▶ GIVEN ENTRIES:
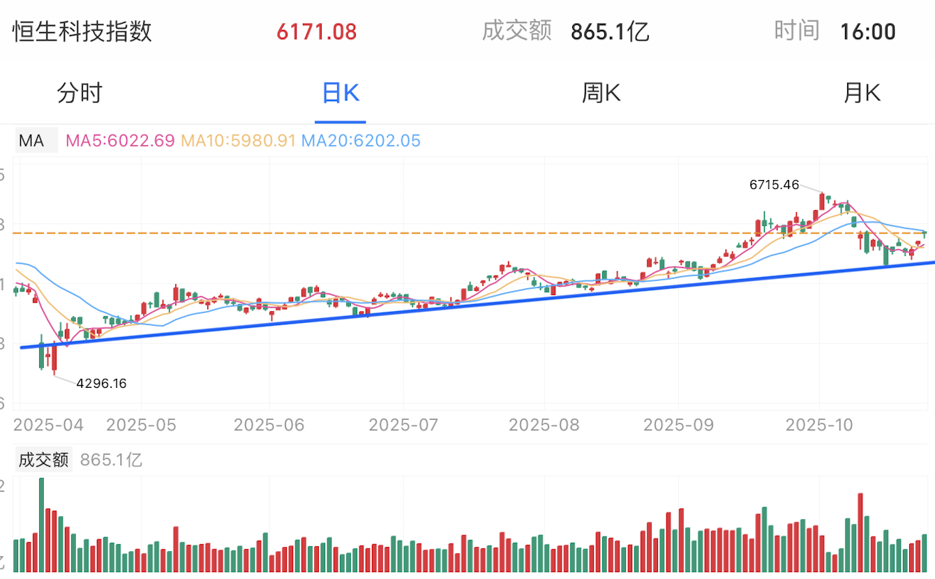 恒生指数和恒生科技近期一直震荡上行,最近波动加剧,这几日再次退守关键支撑位,目前止跌企稳,仍处于盘整期,不确定何时有行情。
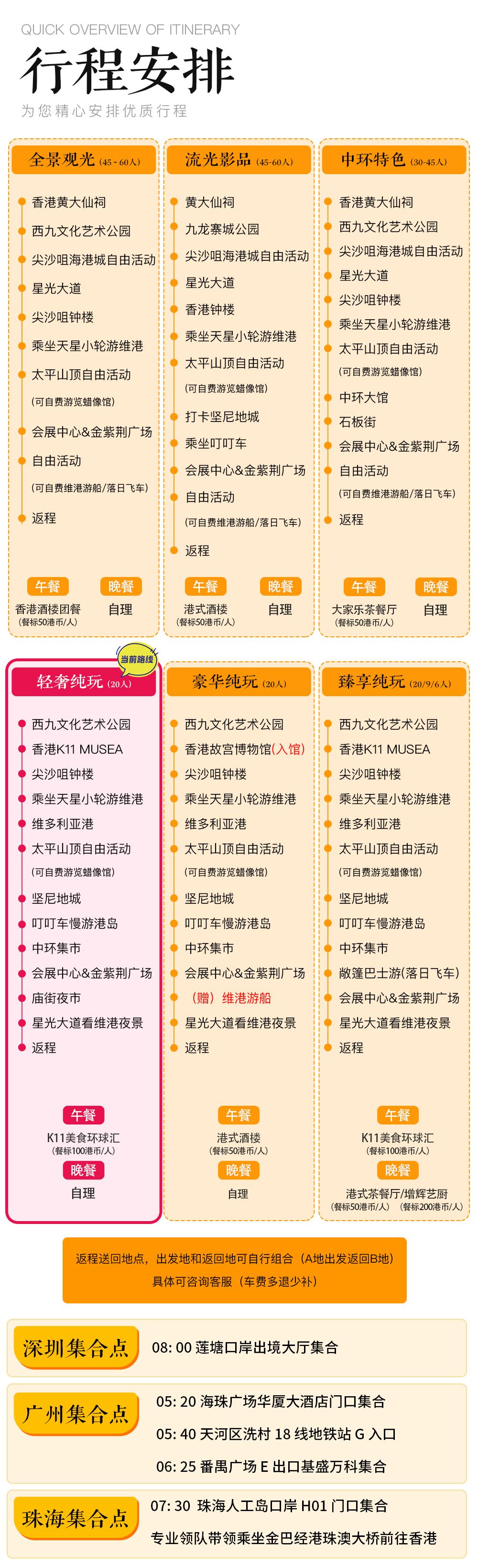 The current itinerary is a semi-luxury pure-play package for up to 20 people. Select the corresponding departure city to choose the matching travel package.
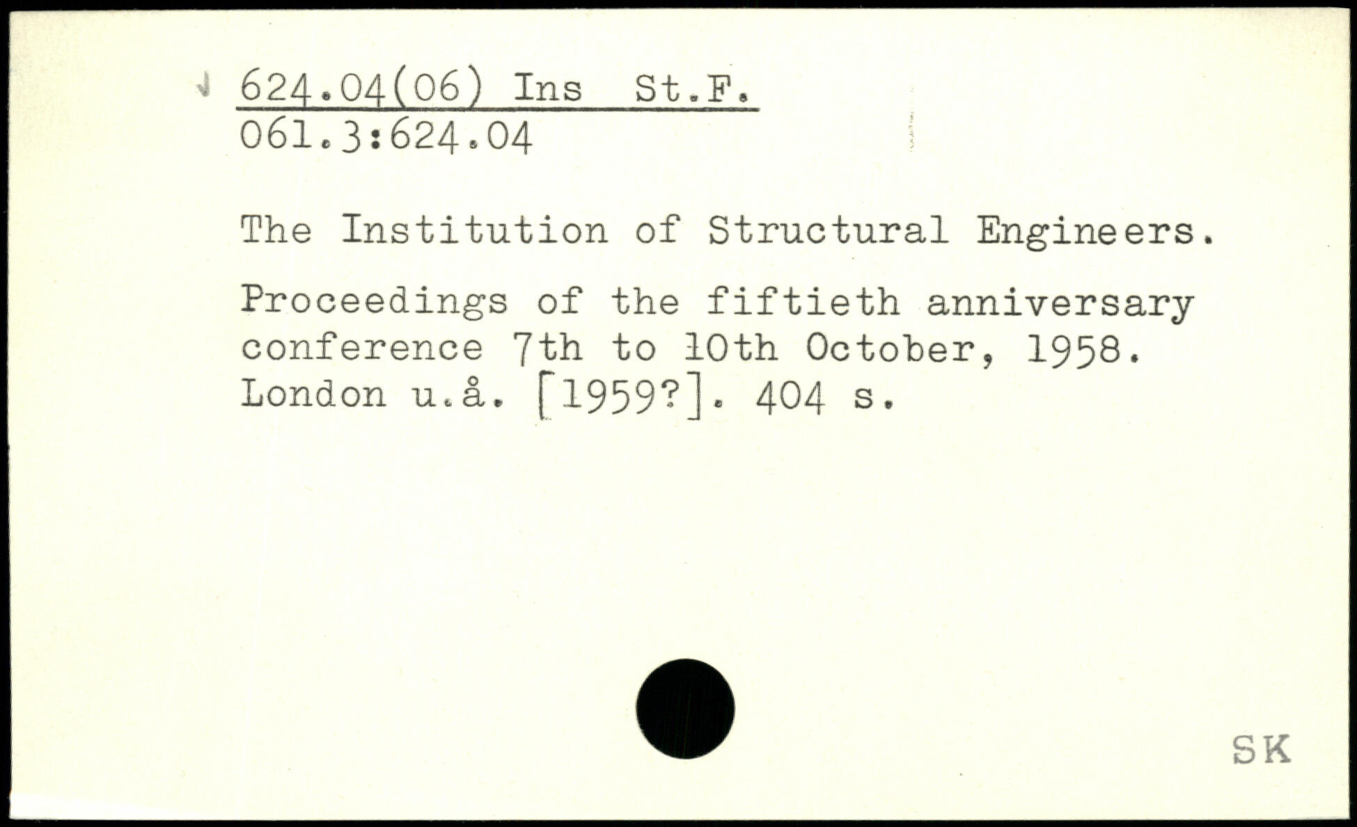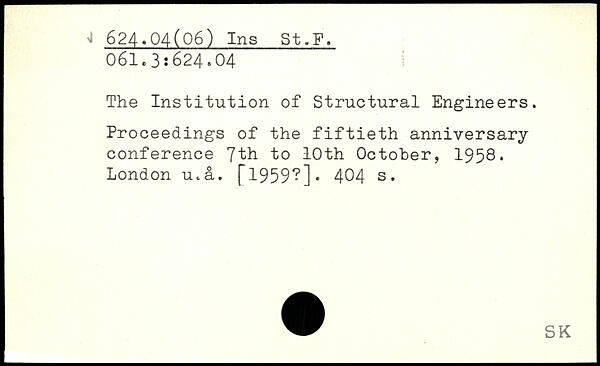 The Institution of Structural Engineers. Proceedings of the fiftieth anniversary conference 7th to 10th October, 1958. London u.a. [1959?].
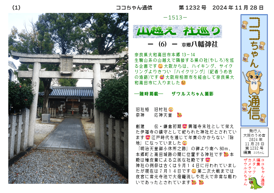 うわ~い、ココちゃんたち本郷八幡神社まで来たワン 😍
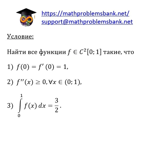 условие: Найти все функции \( f \in C^{2}[0 ; 1] \) такие, что 1) \( f(0)=f^{\prime}(0)=1 \) 2) \( f^{\prime \prime}(x) \geq 0, \forall x \in(0 ; 1) \), 3) \( \int_{0}^{1} f(x) d x=\frac{3}{2} \).
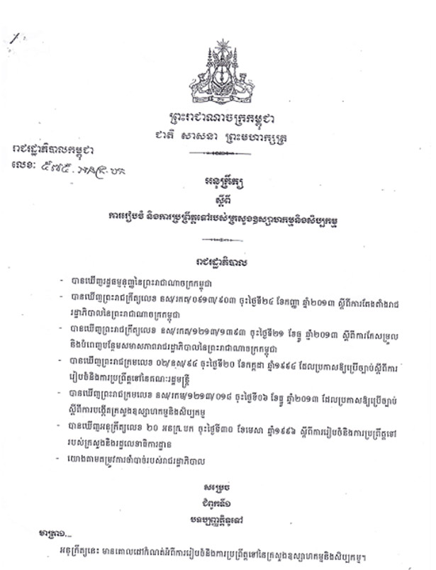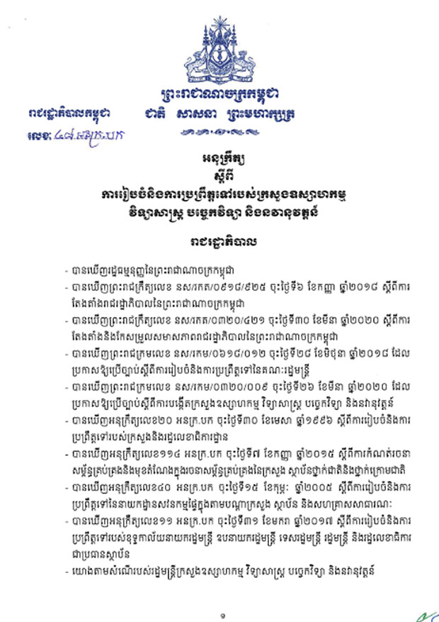 អនុក្រឹត្យស្តីពីការរៀបចំនិងការប្រព្រឹត្តទៅរបស់ក្រសួងឧ.វ.ប.ន
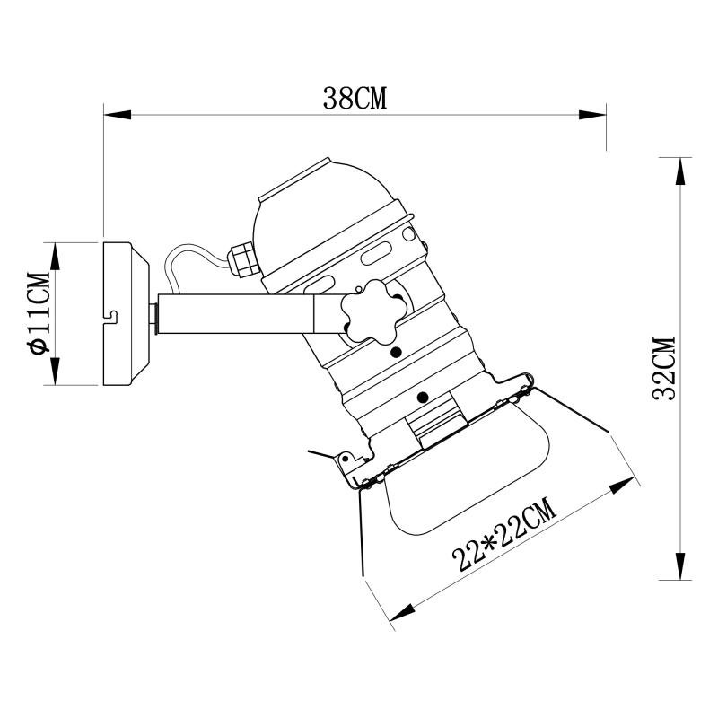 Nástěnné svítidlo, kov černý, filmový styl, nastavitelné klapky, ŠxV: 22x32cm, H:38cm, bez žárovky 1xE27, max. 60W 230V
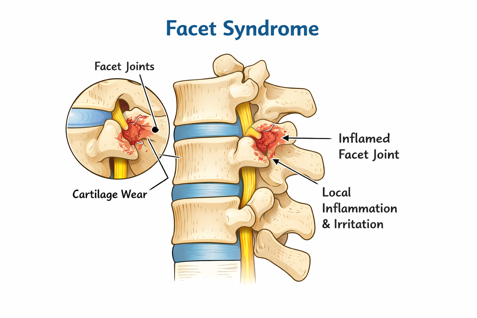 Facet syndrome refers to irritation or inflammation of the small joints located between each vertebra in the spine, called facet joints. These joints allow the spine to bend, twist, and move smoothly. When they become inflamed due to repetitive stress, injury, arthritis, or poor mechanics, they can cause localized back pain and stiffness, particularly with movements like twisting or leaning backward. The discomfort is often felt on one side of the spine and may worsen after prolonged standing or activity.
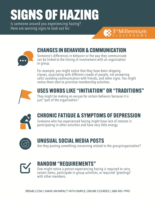 Some signs of hazing include:
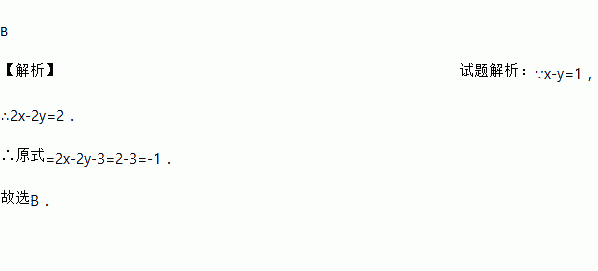 B 【解析】试题解析:∵x-y=1, ∴2x-2y=2. ∴原式=2x-2y-3=2-3=-1. 故选B.
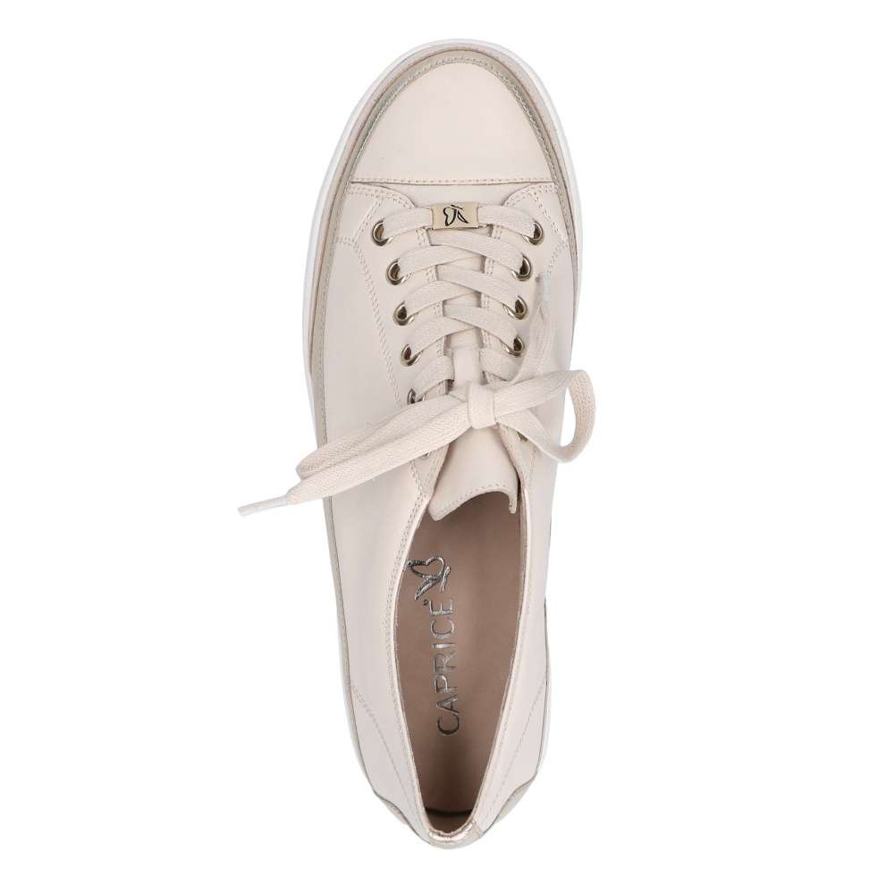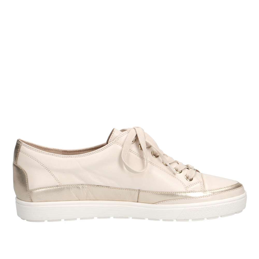 Tyto dámské kožené tenisky značky CAPRICE skvěle doplní Vaše každodenní outfity. Svršek je ve spodní části ozdoben zlatým pruhem kolem celého obvodu tenisky. Obuv si snadno nazujete a přizpůsobíte dle svých požadavků díky šněrování. Kožená stélka Vám zaručí při každém kroku měkký došlap a příjemnou chůzi. Tenisky snadno sladíte jak s kalhotami, tak třeba i se sukněmi.

▶ DIRECTIONS: Reproduce only the lines from the first line of the listing above up to and including the line that holds "អនុក្រឹត្យស្តី". Omit the pictures.

▶ TASK ANSWER:
 恒生指数和恒生科技近期一直震荡上行,最近波动加剧,这几日再次退守关键支撑位,目前止跌企稳,仍处于盘整期,不确定何时有行情。
 The current itinerary is a semi-luxury pure-play package for up to 20 people. Select the corresponding departure city to choose the matching travel package.
 The Institution of Structural Engineers. Proceedings of the fiftieth anniversary conference 7th to 10th October, 1958. London u.a. [1959?].
 うわ~い、ココちゃんたち本郷八幡神社まで来たワン 😍
 условие: Найти все функции \( f \in C^{2}[0 ; 1] \) такие, что 1) \( f(0)=f^{\prime}(0)=1 \) 2) \( f^{\prime \prime}(x) \geq 0, \forall x \in(0 ; 1) \), 3) \( \int_{0}^{1} f(x) d x=\frac{3}{2} \).
 អនុក្រឹត្យស្តីពីការរៀបចំនិងការប្រព្រឹត្តទៅរបស់ក្រសួងឧ.វ.ប.ន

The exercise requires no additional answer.